Problem: Word for word, restate the entries below and exclude every image.

Dataset records:
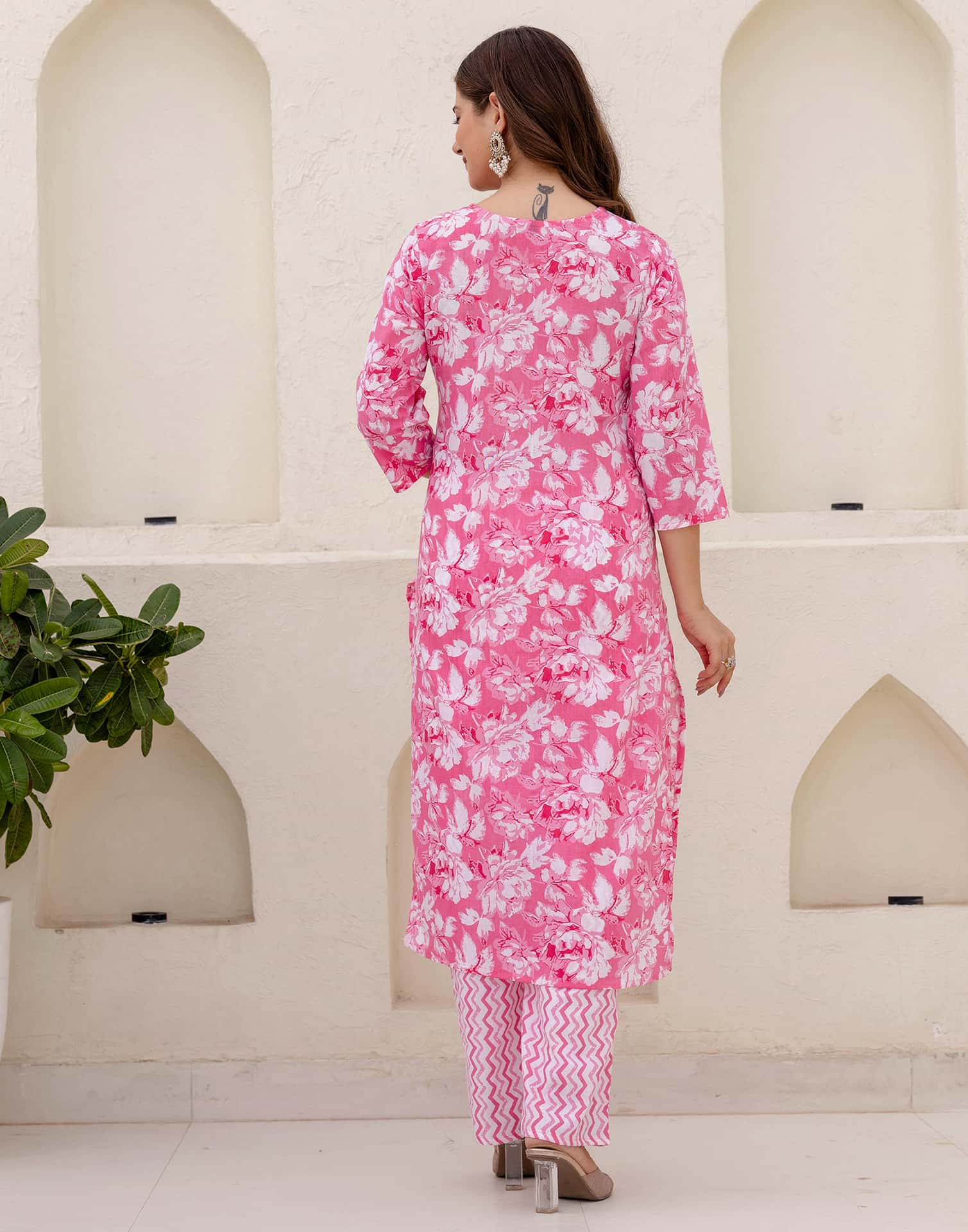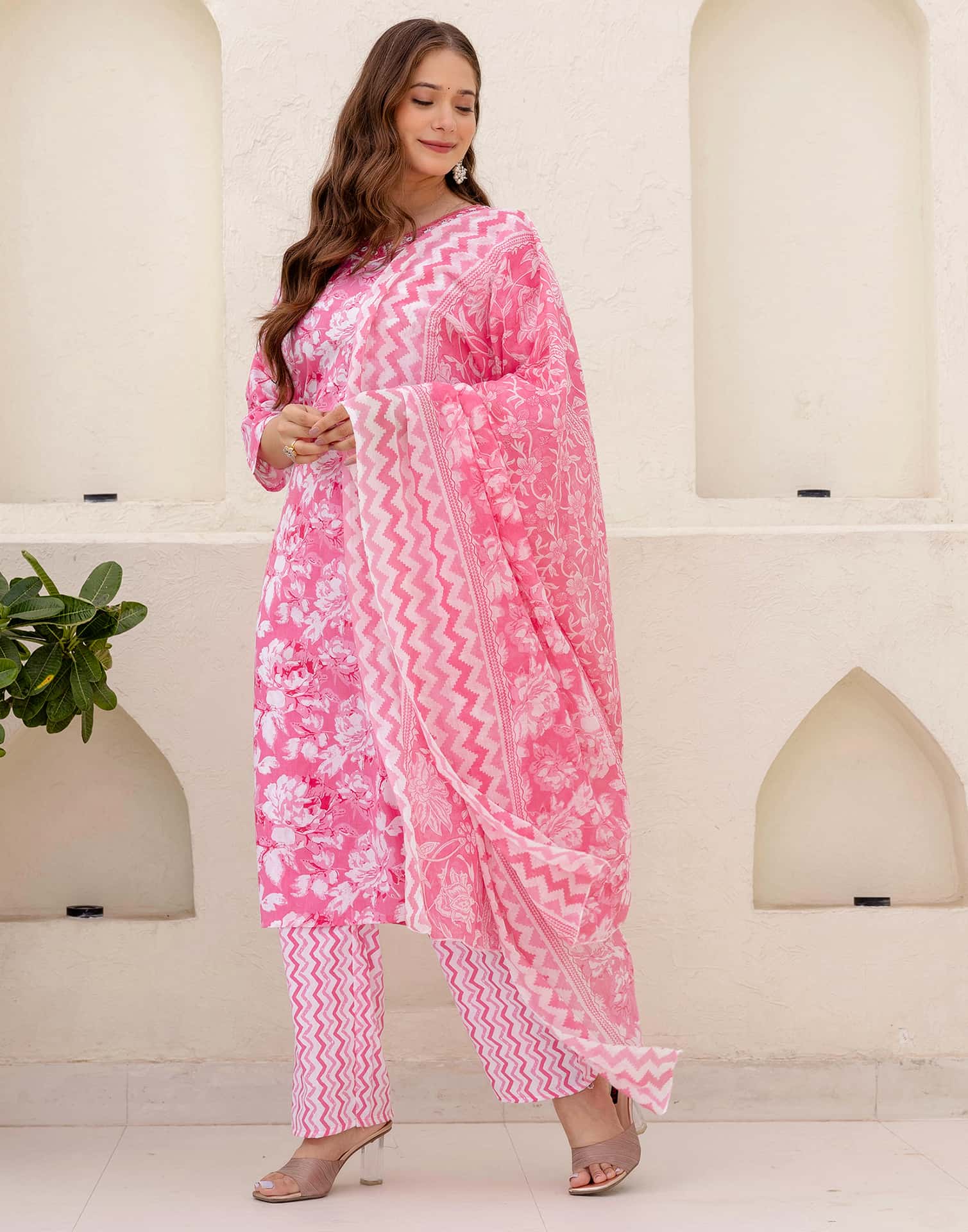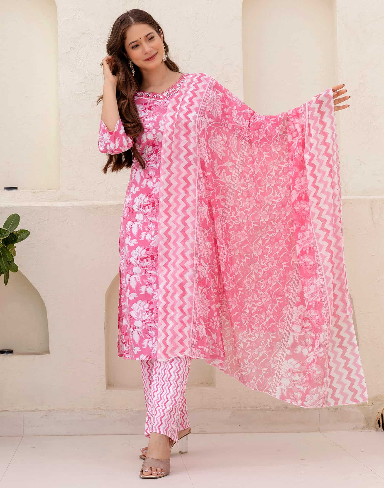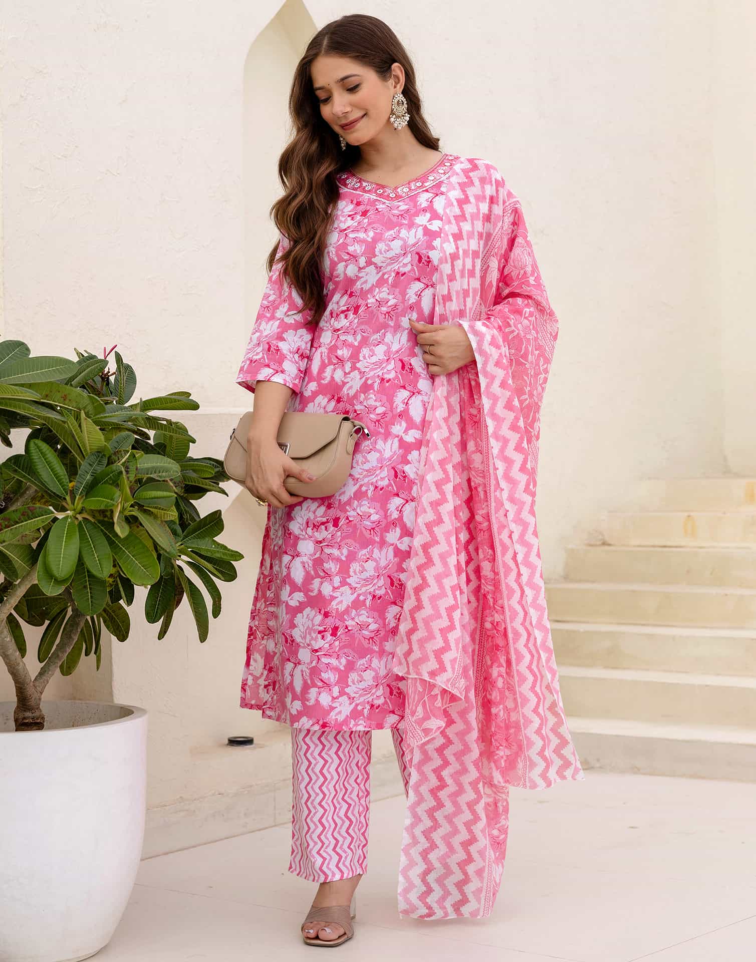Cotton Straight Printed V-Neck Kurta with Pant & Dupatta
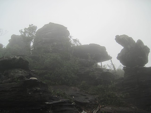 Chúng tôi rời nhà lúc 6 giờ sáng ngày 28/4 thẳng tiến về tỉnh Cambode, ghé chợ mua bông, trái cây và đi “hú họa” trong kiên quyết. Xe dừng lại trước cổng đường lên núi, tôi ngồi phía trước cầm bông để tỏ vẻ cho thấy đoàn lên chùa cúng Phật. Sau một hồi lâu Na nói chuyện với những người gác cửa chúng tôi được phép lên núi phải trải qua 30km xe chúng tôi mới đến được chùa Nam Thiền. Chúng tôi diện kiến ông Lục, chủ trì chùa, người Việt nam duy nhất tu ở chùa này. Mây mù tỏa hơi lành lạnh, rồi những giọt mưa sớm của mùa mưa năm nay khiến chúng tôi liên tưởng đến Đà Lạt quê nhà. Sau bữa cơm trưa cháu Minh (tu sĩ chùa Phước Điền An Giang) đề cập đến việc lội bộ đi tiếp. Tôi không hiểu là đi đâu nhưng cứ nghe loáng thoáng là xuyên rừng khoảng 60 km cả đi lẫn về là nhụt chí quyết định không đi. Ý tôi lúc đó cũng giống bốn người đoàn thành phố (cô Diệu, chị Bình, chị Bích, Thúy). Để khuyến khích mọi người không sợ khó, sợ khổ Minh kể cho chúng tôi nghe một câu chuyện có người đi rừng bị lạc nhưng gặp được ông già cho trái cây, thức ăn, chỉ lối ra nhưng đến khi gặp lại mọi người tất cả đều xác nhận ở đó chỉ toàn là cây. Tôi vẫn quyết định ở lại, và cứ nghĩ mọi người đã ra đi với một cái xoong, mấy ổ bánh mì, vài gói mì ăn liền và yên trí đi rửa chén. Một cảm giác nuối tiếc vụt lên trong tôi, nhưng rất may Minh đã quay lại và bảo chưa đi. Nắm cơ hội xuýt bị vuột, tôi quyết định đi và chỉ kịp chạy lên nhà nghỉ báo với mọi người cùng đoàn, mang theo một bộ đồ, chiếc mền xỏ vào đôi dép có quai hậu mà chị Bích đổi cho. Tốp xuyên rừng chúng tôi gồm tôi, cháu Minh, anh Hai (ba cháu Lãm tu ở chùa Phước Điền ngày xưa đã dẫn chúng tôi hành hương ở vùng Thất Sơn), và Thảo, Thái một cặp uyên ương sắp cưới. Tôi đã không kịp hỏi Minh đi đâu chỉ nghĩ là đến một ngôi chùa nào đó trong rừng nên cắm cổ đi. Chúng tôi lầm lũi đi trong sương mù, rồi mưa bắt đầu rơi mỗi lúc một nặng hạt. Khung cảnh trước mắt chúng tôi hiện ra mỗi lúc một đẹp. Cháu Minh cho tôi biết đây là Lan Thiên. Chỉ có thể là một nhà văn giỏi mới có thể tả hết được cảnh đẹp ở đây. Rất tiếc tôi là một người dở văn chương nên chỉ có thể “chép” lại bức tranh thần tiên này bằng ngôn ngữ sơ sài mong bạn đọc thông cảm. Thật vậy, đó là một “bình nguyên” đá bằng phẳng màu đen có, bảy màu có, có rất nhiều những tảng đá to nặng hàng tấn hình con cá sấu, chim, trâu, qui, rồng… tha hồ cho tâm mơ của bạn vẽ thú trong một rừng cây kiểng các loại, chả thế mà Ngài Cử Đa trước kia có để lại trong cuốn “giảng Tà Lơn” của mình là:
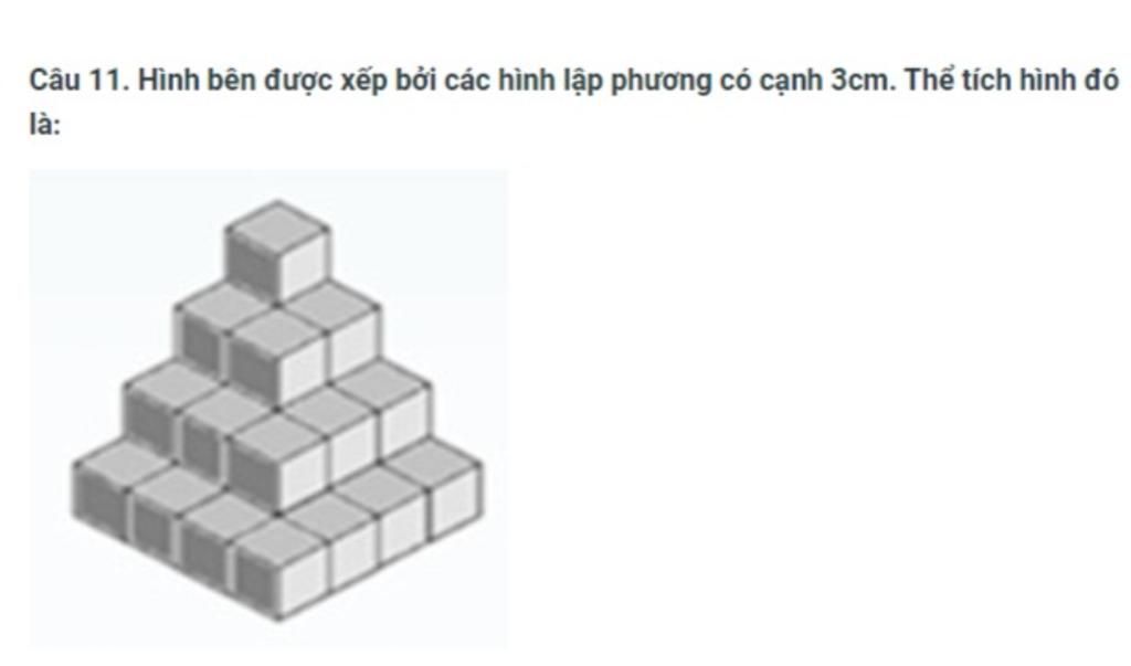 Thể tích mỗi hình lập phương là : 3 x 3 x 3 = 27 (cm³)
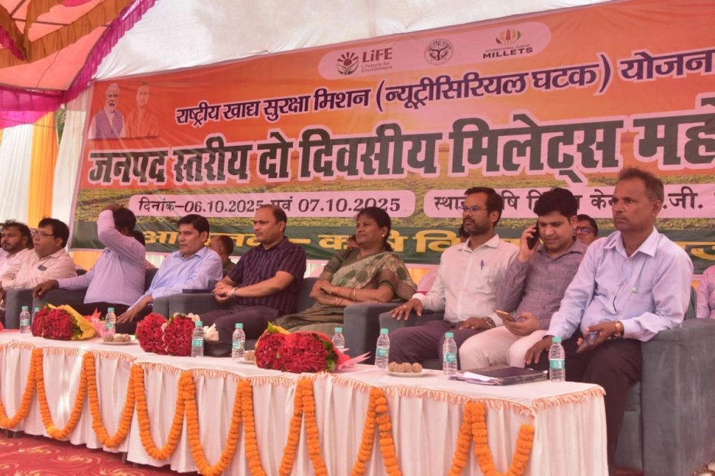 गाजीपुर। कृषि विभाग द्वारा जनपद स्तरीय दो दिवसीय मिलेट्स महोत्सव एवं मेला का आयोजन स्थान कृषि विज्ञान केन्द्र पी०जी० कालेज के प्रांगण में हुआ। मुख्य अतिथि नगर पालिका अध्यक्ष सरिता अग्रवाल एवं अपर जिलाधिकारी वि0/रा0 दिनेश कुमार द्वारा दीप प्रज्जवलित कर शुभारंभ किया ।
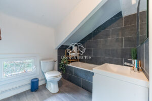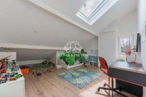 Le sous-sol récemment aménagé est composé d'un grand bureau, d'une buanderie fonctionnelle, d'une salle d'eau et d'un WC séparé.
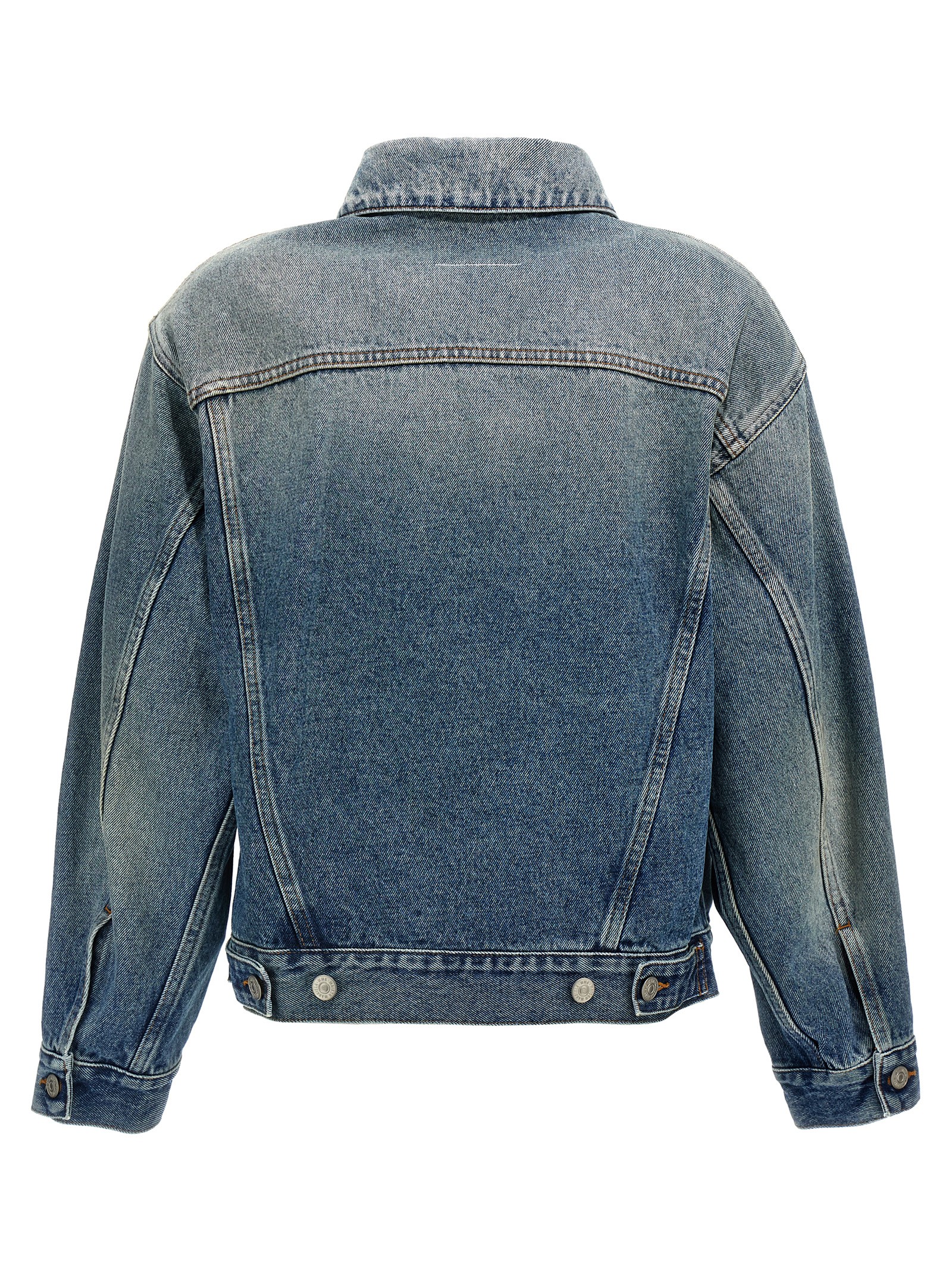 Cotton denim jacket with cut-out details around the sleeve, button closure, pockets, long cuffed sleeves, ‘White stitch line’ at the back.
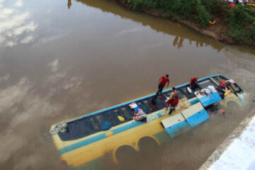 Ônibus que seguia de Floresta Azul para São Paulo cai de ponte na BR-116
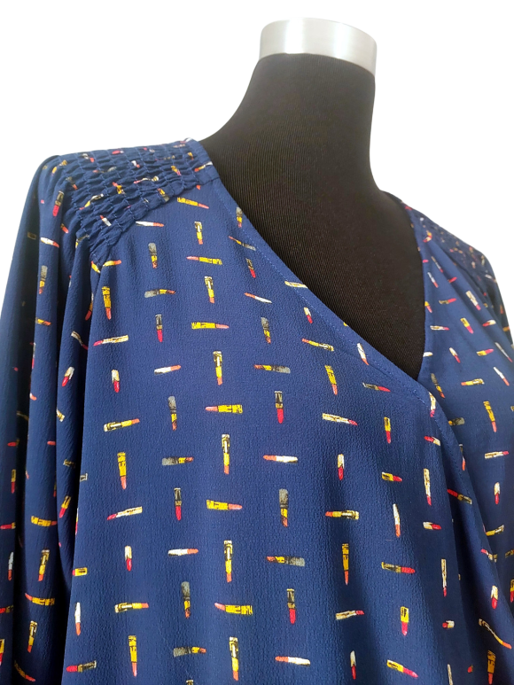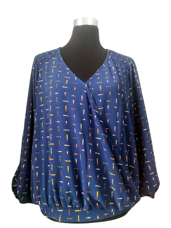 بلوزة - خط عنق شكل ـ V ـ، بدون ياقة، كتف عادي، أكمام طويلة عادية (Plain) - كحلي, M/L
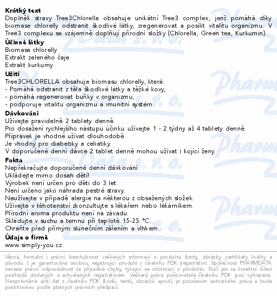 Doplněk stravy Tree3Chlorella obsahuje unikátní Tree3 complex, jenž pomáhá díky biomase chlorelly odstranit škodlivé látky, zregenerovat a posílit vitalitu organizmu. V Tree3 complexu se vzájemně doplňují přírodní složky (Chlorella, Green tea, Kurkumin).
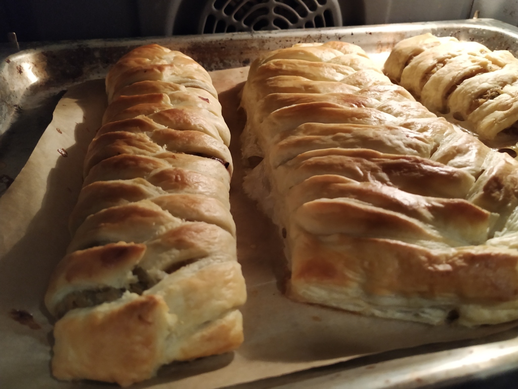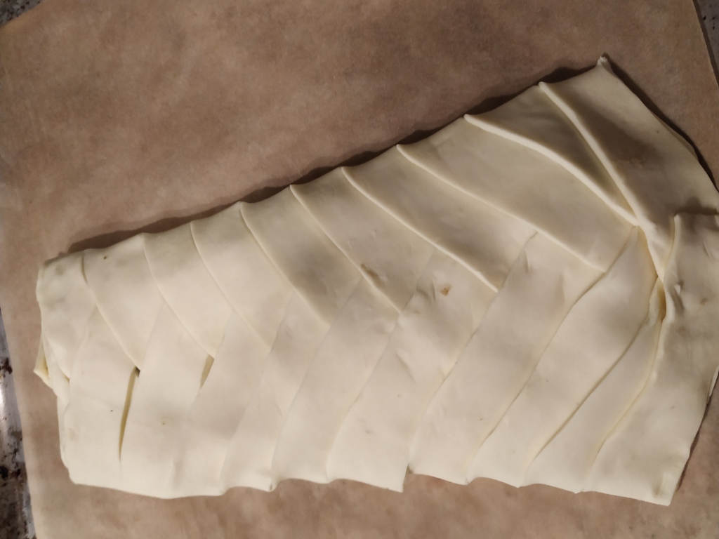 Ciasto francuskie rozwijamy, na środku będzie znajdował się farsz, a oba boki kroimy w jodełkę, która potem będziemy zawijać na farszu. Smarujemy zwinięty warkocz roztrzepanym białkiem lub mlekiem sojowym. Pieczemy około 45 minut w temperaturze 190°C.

Expected answer:
Cotton Straight Printed V-Neck Kurta with Pant & Dupatta
 Chúng tôi rời nhà lúc 6 giờ sáng ngày 28/4 thẳng tiến về tỉnh Cambode, ghé chợ mua bông, trái cây và đi “hú họa” trong kiên quyết. Xe dừng lại trước cổng đường lên núi, tôi ngồi phía trước cầm bông để tỏ vẻ cho thấy đoàn lên chùa cúng Phật. Sau một hồi lâu Na nói chuyện với những người gác cửa chúng tôi được phép lên núi phải trải qua 30km xe chúng tôi mới đến được chùa Nam Thiền. Chúng tôi diện kiến ông Lục, chủ trì chùa, người Việt nam duy nhất tu ở chùa này. Mây mù tỏa hơi lành lạnh, rồi những giọt mưa sớm của mùa mưa năm nay khiến chúng tôi liên tưởng đến Đà Lạt quê nhà. Sau bữa cơm trưa cháu Minh (tu sĩ chùa Phước Điền An Giang) đề cập đến việc lội bộ đi tiếp. Tôi không hiểu là đi đâu nhưng cứ nghe loáng thoáng là xuyên rừng khoảng 60 km cả đi lẫn về là nhụt chí quyết định không đi. Ý tôi lúc đó cũng giống bốn người đoàn thành phố (cô Diệu, chị Bình, chị Bích, Thúy). Để khuyến khích mọi người không sợ khó, sợ khổ Minh kể cho chúng tôi nghe một câu chuyện có người đi rừng bị lạc nhưng gặp được ông già cho trái cây, thức ăn, chỉ lối ra nhưng đến khi gặp lại mọi người tất cả đều xác nhận ở đó chỉ toàn là cây. Tôi vẫn quyết định ở lại, và cứ nghĩ mọi người đã ra đi với một cái xoong, mấy ổ bánh mì, vài gói mì ăn liền và yên trí đi rửa chén. Một cảm giác nuối tiếc vụt lên trong tôi, nhưng rất may Minh đã quay lại và bảo chưa đi. Nắm cơ hội xuýt bị vuột, tôi quyết định đi và chỉ kịp chạy lên nhà nghỉ báo với mọi người cùng đoàn, mang theo một bộ đồ, chiếc mền xỏ vào đôi dép có quai hậu mà chị Bích đổi cho. Tốp xuyên rừng chúng tôi gồm tôi, cháu Minh, anh Hai (ba cháu Lãm tu ở chùa Phước Điền ngày xưa đã dẫn chúng tôi hành hương ở vùng Thất Sơn), và Thảo, Thái một cặp uyên ương sắp cưới. Tôi đã không kịp hỏi Minh đi đâu chỉ nghĩ là đến một ngôi chùa nào đó trong rừng nên cắm cổ đi. Chúng tôi lầm lũi đi trong sương mù, rồi mưa bắt đầu rơi mỗi lúc một nặng hạt. Khung cảnh trước mắt chúng tôi hiện ra mỗi lúc một đẹp. Cháu Minh cho tôi biết đây là Lan Thiên. Chỉ có thể là một nhà văn giỏi mới có thể tả hết được cảnh đẹp ở đây. Rất tiếc tôi là một người dở văn chương nên chỉ có thể “chép” lại bức tranh thần tiên này bằng ngôn ngữ sơ sài mong bạn đọc thông cảm. Thật vậy, đó là một “bình nguyên” đá bằng phẳng màu đen có, bảy màu có, có rất nhiều những tảng đá to nặng hàng tấn hình con cá sấu, chim, trâu, qui, rồng… tha hồ cho tâm mơ của bạn vẽ thú trong một rừng cây kiểng các loại, chả thế mà Ngài Cử Đa trước kia có để lại trong cuốn “giảng Tà Lơn” của mình là:
 Thể tích mỗi hình lập phương là : 3 x 3 x 3 = 27 (cm³)
 गाजीपुर। कृषि विभाग द्वारा जनपद स्तरीय दो दिवसीय मिलेट्स महोत्सव एवं मेला का आयोजन स्थान कृषि विज्ञान केन्द्र पी०जी० कालेज के प्रांगण में हुआ। मुख्य अतिथि नगर पालिका अध्यक्ष सरिता अग्रवाल एवं अपर जिलाधिकारी वि0/रा0 दिनेश कुमार द्वारा दीप प्रज्जवलित कर शुभारंभ किया ।
 Le sous-sol récemment aménagé est composé d'un grand bureau, d'une buanderie fonctionnelle, d'une salle d'eau et d'un WC séparé.
 Cotton denim jacket with cut-out details around the sleeve, button closure, pockets, long cuffed sleeves, ‘White stitch line’ at the back.
 Ônibus que seguia de Floresta Azul para São Paulo cai de ponte na BR-116
 بلوزة - خط عنق شكل ـ V ـ، بدون ياقة، كتف عادي، أكمام طويلة عادية (Plain) - كحلي, M/L
 Doplněk stravy Tree3Chlorella obsahuje unikátní Tree3 complex, jenž pomáhá díky biomase chlorelly odstranit škodlivé látky, zregenerovat a posílit vitalitu organizmu. V Tree3 complexu se vzájemně doplňují přírodní složky (Chlorella, Green tea, Kurkumin).
 Ciasto francuskie rozwijamy, na środku będzie znajdował się farsz, a oba boki kroimy w jodełkę, która potem będziemy zawijać na farszu. Smarujemy zwinięty warkocz roztrzepanym białkiem lub mlekiem sojowym. Pieczemy około 45 minut w temperaturze 190°C.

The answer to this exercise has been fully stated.